ACT IV.
Scene 1. Page 318.
Isab. And that I have possess'd him.
In the same sense Shylock says
"I have possess'd your grace of what I purpose."
It were better that Shakspeare should be thus made his own commentator where it can be done, than that he should be explained by quotations from other authors.
Scene 1. Page 319.
Duke. ... volumes of report
Run with these false and most contrarious quests
Upon thy doings.
It is presumed that the sense of messengers annexed to this word by Mr. Ritson cannot be maintained, but that the very line he refers to establishes it to be searches, inquiries. Mr. Malone's note is, of the others, the most satisfactory. The Duke alludes to the false and various conclusions that result from investigating the actions of men high in office. There is an old pamphlet with the whimsical title of Jacke of Dover, his quest of inquiry, or his privy search for the veriest foole in England, 1604, 4to.
Scene 1. Page 321.
Duke. Sith that the justice of your title to him
Doth flourish the deceit.
That is, decorate an action that would otherwise seem ugly. Two metaphors have already been suggested; a third remains to be stated. Flourish may, perhaps, allude to the ornaments that embellish the ancient as well as modern books of penmanship. There are no finer specimens of beautiful writing extant than some of the reign of Elizabeth, who herself wrote a very elegant Italian hand in the early part of her life.
Scene 2. Page 322.
Prov. ... and your deliverance with an unpitied whipping; for you have been a notorious bawd.
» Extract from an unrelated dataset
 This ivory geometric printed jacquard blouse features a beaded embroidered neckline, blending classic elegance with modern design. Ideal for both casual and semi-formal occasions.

Mr. Steevens makes unpitied, unmerciful; it is rather a whipping that none shall pity, for the reason that immediately follows.
Scene 2. Page 334.
Prov. Pardon me, good father, it is against my oath.
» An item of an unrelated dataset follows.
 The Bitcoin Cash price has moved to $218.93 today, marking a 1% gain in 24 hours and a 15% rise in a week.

This is a very different provost from one of whom Fabian in his Chronicle, p. 187, relates the following story: "In the thyrde yere of the reigne of this Philip, the provost of Paris, having in his prison a Picard, a man of greate riches, whiche for felony or like crime, was judged to be hanged. The sayde provost for great benefit to him done and payment of great summes by the sayd Pycard, tooke an other poore innocent man, and put him to death, in steede of the sayd Pycarde. Of the whiche offence whan due proofe of it was made before the kynges counsayle, the sayde provoste for the same dede was put unto like judgement."
Scene 3. Page 335.
Clo. First, here's young master Rash, he's in for a commodity of
brown paper and old ginger.
The nefarious practice of lending young men money in the shape of goods which are afterwards sold at a great loss, appears to have been more prevalent in the reign of Elizabeth than even at present. It is very strongly marked in Lodge's Looking glasse for London and Englande, 1598, where a usurer being very urgent for the repayment of his debt is thus answered, "I pray you, sir, consider that my losse was great by the commoditie I tooke up; you know, sir, I borrowed of you forty pounds, whereof I had ten pounds in money, and thirtie pounds in lute strings, which when I came to sell againe, I could get but five pounds for them, so had I, sir, but fifteene pounds for my fortie: In consideration of this ill bargaine, I pray you, sir, give me a month longer." But this sort of usury is much older than Shakspeare's time, and is thus curiously described in one of the sermons of Father Maillard, a celebrated preacher at Paris at the end of the fifteenth century, and whose style very much resembles that of John Whitfield. "Quidam indigens pecunia venit ad thesaurarium supra quem fuerunt assignata mille scuta; dicit thesaurarius, Ego dabo tibi, sed pro nunc non habeo argentum; sed expectes usque ad quindecim dies. Pauper dicit, Non possum expectare; respondet thesaurarius, Dabo tibi unam partem in argento et alia in mercantiis: et illud quod valebit centum scuta, faciet valere ducenta. Hic est usura palliata." Sermo in feriam, iiii. de passione.
Scene 3. Page 337.
Clo. ... ginger was not much in request, for the old women were all dead.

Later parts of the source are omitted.